# Chef Knife Roll Bag



## Mindcome (Mar 31, 2019)

Hi Chefs,

We are looking to introduce Waxed Canvas/Leather Knife Roll Bag into the market and would like a feedback from experienced chefs. Admin if this is not allowed please delete this post. We already have a lot of ideas on how to improve existing products on the market but we want more info on knife sizes (handle + knife blade and most common quantity)

- We need feedback on how many knifes, other tools and their sizes do you usually carry around with you. We all know how expensive pro knifes are and want to keep them in mint condition as longer as possible. 

Example:
1. 10 Individual knife pouches each 2.5” wide, covers knife handle up to 4.5” and blades up to 18”
2. 3 Slots for small blades or tasting spoons covering 3.5” x 3.2” 
3. 3 Slots for serrated utility knives or scissors
4. Other compartments and tools that needs to fit into this bag? Would you like zipper pouch? If so what dimensions?

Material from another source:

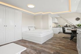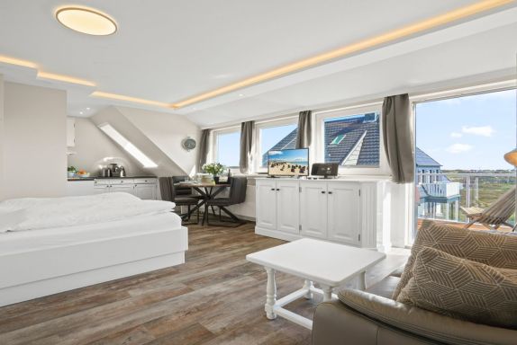 Atemberaubender Meerblick aus einer hellen 1-Zimmer-Suite mit offen abgetrennter Pantry-Küche. Diese gemütliche Suite bietet Ihnen neben dem tollen Meerblick auch einen malerischen Fern-Blick über die Dünenlandschaft bis hin zum charmanten Ortszentrum von Hörnum und auf den Leuchtturm. Mit einem großem Doppel-Bett mit luxuriösen Geltopper-Komfortmatratzen und stilvollen Tischlermöbeln ausgestattet bietet die Suite viel Platz für einen entspannten Aufenthalt für 2 Personen.

Also do you use some kind of a blade cover to protect your knifes during transport?

Thank you for your input, hopefully with your help we will make the best knife bag on the market


----------



## cheflayne (Aug 21, 2004)

1. 10 Individual knife pouches each 2.5" wide, covers knife handle up to 4.5" and blades up to 18"
little confused by your measurements as to knife handle, my slicer is 14.5" blade length and 6" handle length
overall length 20.5", so I am assuming your bag accepts knives that are 22.5" in overall length, is this correct?

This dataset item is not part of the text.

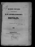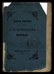 ...Присуждение учрежденных П.Н. Демидовым наград... - Санкт-Петербург : При Императорской Академии наук, 1832-1866. - За 1856 и 1858 гг. читан.: акад. К.С. Веселовским. Загл. вып.: за 1832-1835 гг.: Отчет Имп. Санктпетербургской академии наук о... присуждении премий, учрежденных двора е. и. в. камергером Павлом Николаевичем Демидовым; за ряд лет: Общий отчет об... присуждении демидовских наград...

4. Other compartments and tools that needs to fit into this bag? 
steel and combi stone

Would you like zipper pouch? If so what dimensions?
cell phone, pen, and note pad

Also do you use some kind of a blade cover to protect your knifes during transport?
yes


----------



## Mindcome (Mar 31, 2019)

cheflayne said:


> 1. 10 Individual knife pouches each 2.5" wide, covers knife handle up to 4.5" and blades up to 18"
> little confused by your measurements as to knife handle, my slicer is 14.5" blade length and 6" handle length
> overall length 20.5", so I am assuming your bag accepts knives that are 22.5" in overall length, is this correct?


Yes, that's correct we need both handle+blade length of your biggest tool.




cheflayne said:


> 4. Other compartments and tools that needs to fit into this bag?





cheflayne said:


> steel and combi stone




Ok i can see that usual dimension for stones are:
up to 14" length
around 1.5" height
up to 6" width

Does this sounds about right?




cheflayne said:


> Would you like zipper pouch? If so what dimensions?
> cell phone, pen, and note pad




We were thining about notepad and pen holders but we didn't think of cell phone pocket, interesting. Do you think many chefs would carry their phone along with knifes and tools?




cheflayne said:


> Also do you use some kind of a blade cover to protect your knifes during transport?
> yes




Would blade covers included with knife bag be important to you in purchasing decision?


----------



## cheflayne (Aug 21, 2004)

Ok i can see that usual dimension for stones are:
up to 14" length
around 1.5" height
up to 6" width
Does this sounds about right?
My travel stone is 8"x2"x1"

Do you think many chefs would carry their phone along with knifes and tools?
I don't carry my phone with my knives, but once I get to work I put it away for the shift

Would blade covers included with knife bag be important to you in purchasing decision?
Probably detrimental actually, it would depend upon the covers, _chefs are fussy, at least this one :~)_


----------



## rick alan (Nov 15, 2012)

Not a chef but I would say that 8x3x1.5 would be the very largest stone anyone should want to carry. Most combis are 6-8" in length, 2-2.6 wide and 1-1.5" thick.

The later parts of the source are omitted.